The post-hoc analyses showed that in order to achieve a comprehensive understanding of how the dFPN differs from other networks (than just the vFPN), it is necessary to consider activity across the whole task space. This implies that when simultaneously disambiguating between many networks requires batteries of cognitive tasks rather than a single task. This is important not just from a theoretical point of view, but also when designing cognitive assessment batteries that are aimed at sensitively discriminating network function, e.g., in developmental or clinical settings.

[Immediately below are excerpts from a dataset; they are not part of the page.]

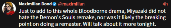 然而现在,剧情看起来有了反转,爆料人Maximillian Dood补充称,宫崎英高并非因讨厌《恶魔之魂》重制版而拒绝《血源诅咒》重制,并表示他将进一步详述细节。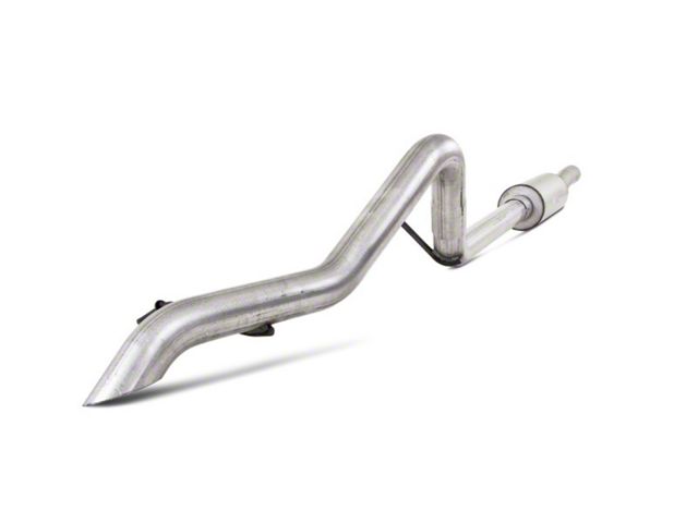 This exhaust system includes an extension pipe, overaxle pipe, off-road tailpipe, muffler, and hardware. The muffler is positioned before the axle, and the system features a single rear exit design. No tip is required, as the aggressive exhaust tone speaks for itself.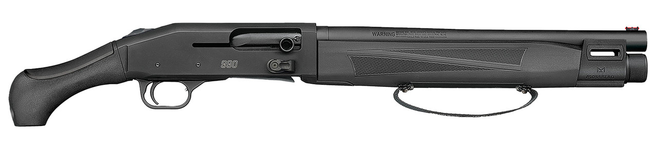 The 990 AfterShock small size, big tactical performance. Ultra-compact and easy to maneuver, it delivers 5+1 semi-auto convenience paired with a host of functional tactical features. Inside, the 990's durable gas system and corrosion-resistant internal parts (nickel boron-coated gas piston, magazine tube, hammer and sear), an enlarged/beveled loading port, elongated elevator and anodized follower combine for smooth operation. The ergonomic AfterShock grip with rubberized palm pad, a streamlined forend with Mossberg signature texturing and an embossed strap for a solid hold; plus a magazine tube extension with M-LOK mounting slots on the sides and bottom for easy accessory. 5+1 Capacity w/2.75" shells.

The findings that seemingly different cognitive processes (planning and relational integration) are chosen to differentiate dorsal and ventral FPNs may indicate that the neurobiological processes do not align well with the pre-existing cognitive taxonomy. One possibility is that the neuroadaptive Bayesian optimization has discovered a neurobiological discrete process common to both planning and reasoning that is not normally discriminated in assessments. An alternative explanation is that the two tasks share some additional sub-component unrelated to planning and reasoning, that is driving the difference in activity between the networks. Either way, the results highlight the importance of combining insights from neurobiology and behavior when developing a cognitive taxonomy.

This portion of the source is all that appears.